**Exercise requirements**
Copy all the data exactly, except the pictures.

**The data**
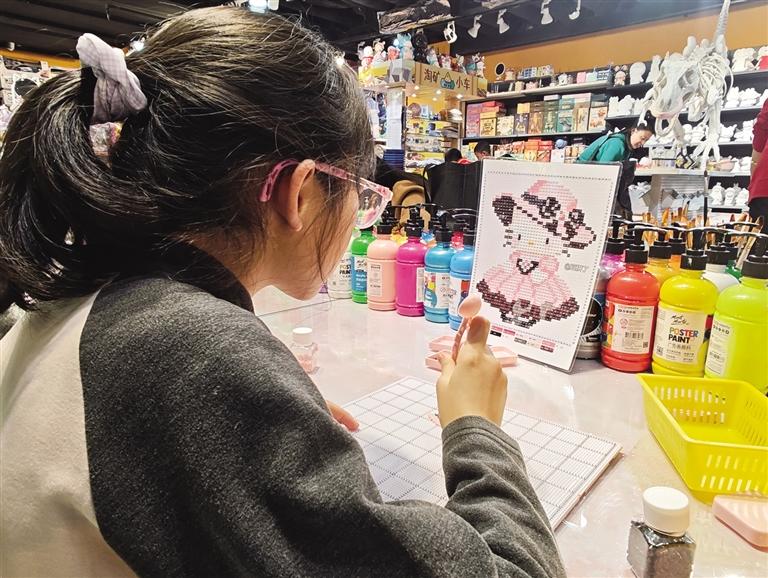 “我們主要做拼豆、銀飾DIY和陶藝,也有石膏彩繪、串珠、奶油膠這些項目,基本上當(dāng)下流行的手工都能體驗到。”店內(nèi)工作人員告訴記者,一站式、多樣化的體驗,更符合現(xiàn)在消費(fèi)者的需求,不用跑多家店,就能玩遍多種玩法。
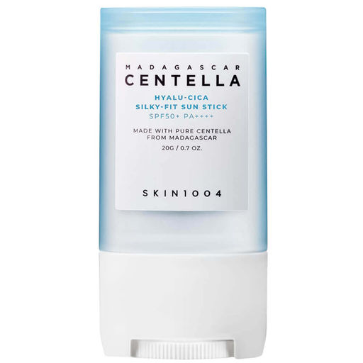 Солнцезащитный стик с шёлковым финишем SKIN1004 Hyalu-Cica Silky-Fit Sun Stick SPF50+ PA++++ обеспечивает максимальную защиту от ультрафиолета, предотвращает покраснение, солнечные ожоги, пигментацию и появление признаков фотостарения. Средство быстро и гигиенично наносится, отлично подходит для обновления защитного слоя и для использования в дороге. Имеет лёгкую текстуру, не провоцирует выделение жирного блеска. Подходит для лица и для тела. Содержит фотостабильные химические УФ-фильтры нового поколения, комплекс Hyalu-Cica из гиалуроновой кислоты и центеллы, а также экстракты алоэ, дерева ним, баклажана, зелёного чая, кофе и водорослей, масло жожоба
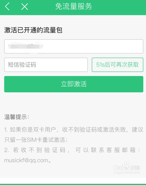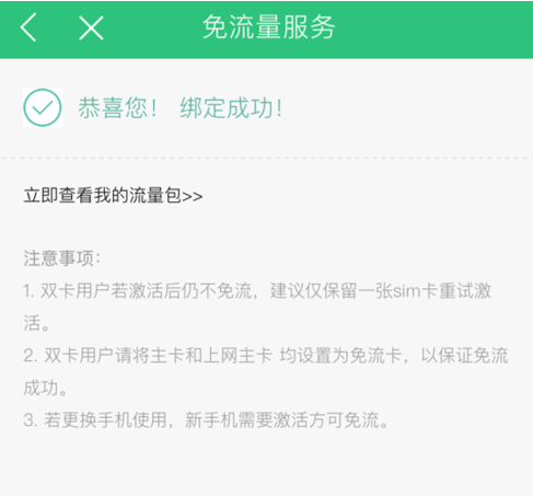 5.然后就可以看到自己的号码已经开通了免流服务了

**Output**
 “我們主要做拼豆、銀飾DIY和陶藝,也有石膏彩繪、串珠、奶油膠這些項目,基本上當(dāng)下流行的手工都能體驗到。”店內(nèi)工作人員告訴記者,一站式、多樣化的體驗,更符合現(xiàn)在消費(fèi)者的需求,不用跑多家店,就能玩遍多種玩法。
 Солнцезащитный стик с шёлковым финишем SKIN1004 Hyalu-Cica Silky-Fit Sun Stick SPF50+ PA++++ обеспечивает максимальную защиту от ультрафиолета, предотвращает покраснение, солнечные ожоги, пигментацию и появление признаков фотостарения. Средство быстро и гигиенично наносится, отлично подходит для обновления защитного слоя и для использования в дороге. Имеет лёгкую текстуру, не провоцирует выделение жирного блеска. Подходит для лица и для тела. Содержит фотостабильные химические УФ-фильтры нового поколения, комплекс Hyalu-Cica из гиалуроновой кислоты и центеллы, а также экстракты алоэ, дерева ним, баклажана, зелёного чая, кофе и водорослей, масло жожоба
 5.然后就可以看到自己的号码已经开通了免流服务了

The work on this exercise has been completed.